Thanks very much:thumbsup: I have definitely lost a little perspective/depth with the plant growth you're right. It's sort of hard to plan for such a small space(6"x6"x6") I may fill the back with more of the rotala I'm not sure. And I may be able to regain some slope once I trim the fissidens. The plant you're asking about is Hygro pinnatifida. I'm going to trim off the tallest leaves at some point and that will leave 2-3 miniature versions of it behind. 



sejoy said:


> I personally really love this one. Especially the first picture on this page, I like how the floaters look like a cloud!
> 
> I would maybe move the red bush-looking plant (sorry I've never seen one like it before, don't know what it's called) back a little bit since it's bigger than most other things in the front, but that's just me.
> I would also maybe replace the fissidens as it does look a bit yellow, but maybe it's just the lighting like you said. Maybe a few longer stems or grasses in the back to give it more depth since some of the slope you had at first seems to be lost a bit in the plant growth.
> ...


----------



## ophiophagus (Mar 5, 2012)

I forgot to ad this pic to show scale. It really illustrates how small this tank really is. I think I've achieved my goal of making this tiny scape look like a much larger one.


----------



## brinks (Dec 19, 2007)

Love this little tank, I may Tyrone some time.


----------



## ophiophagus (Mar 5, 2012)

Thank you. You should try one. It can be very challenging to scape tanks this size and/or smaller. But I really enjoy just about anything in miniature. I have another smaller scape in the beginning stages that will get a thread soon


----------



## TheNamelessPoet (May 17, 2012)

wholy crap!!! you really can see how small it it!!! you did an AMAZING job


----------



## sejoy (Jan 18, 2011)

ophiophagus said:


> Thanks very much:thumbsup: I have definitely lost a little perspective/depth with the plant growth you're right. It's sort of hard to plan for such a small space(6"x6"x6") I may fill the back with more of the rotala I'm not sure. And I may be able to regain some slope once I trim the fissidens. The plant you're asking about is Hygro pinnatifida. I'm going to trim off the tallest leaves at some point and that will leave 2-3 miniature versions of it behind.

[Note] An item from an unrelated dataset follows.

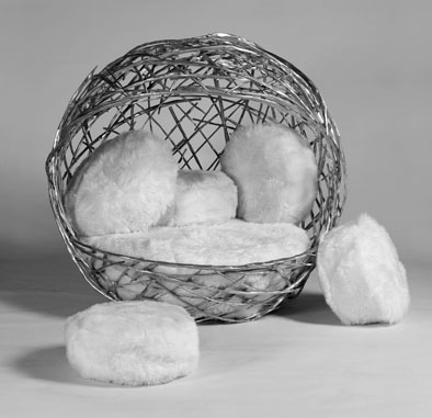 巢椅材料:青铜和皮毛这件艺术品的创作灵感主要源于一个鸟巢,一个让人放松的空间,它使人想起传统的中国式的床。;

That's a really nice plant, it adds the perfect pop of color. I love this little tank! So awesome. 'subbed :hihi:


----------



## ophiophagus (Mar 5, 2012)

TheNamelessPoet said:


> wholy crap!!! you really can see how small it it!!! you did an AMAZING job


Thank you so much! That's exactly the reaction I was hoping for when designing this scape



sejoy said:


> That's a really nice plant, it adds the perfect pop of color. I love this little tank! So awesome. 'subbed :hihi:


Thanks for subscribing(probably the first time anyone has subbed a thread of mine):icon_smil I also just added a few stem of rotala wallichii for another little splash of color


----------



## liam2317 (Dec 8, 2012)

Well you have a second subscriber now! This tank is awesome, I really love your choice of plants and hard-scape. It is clear that a lot of thought went into your layout. 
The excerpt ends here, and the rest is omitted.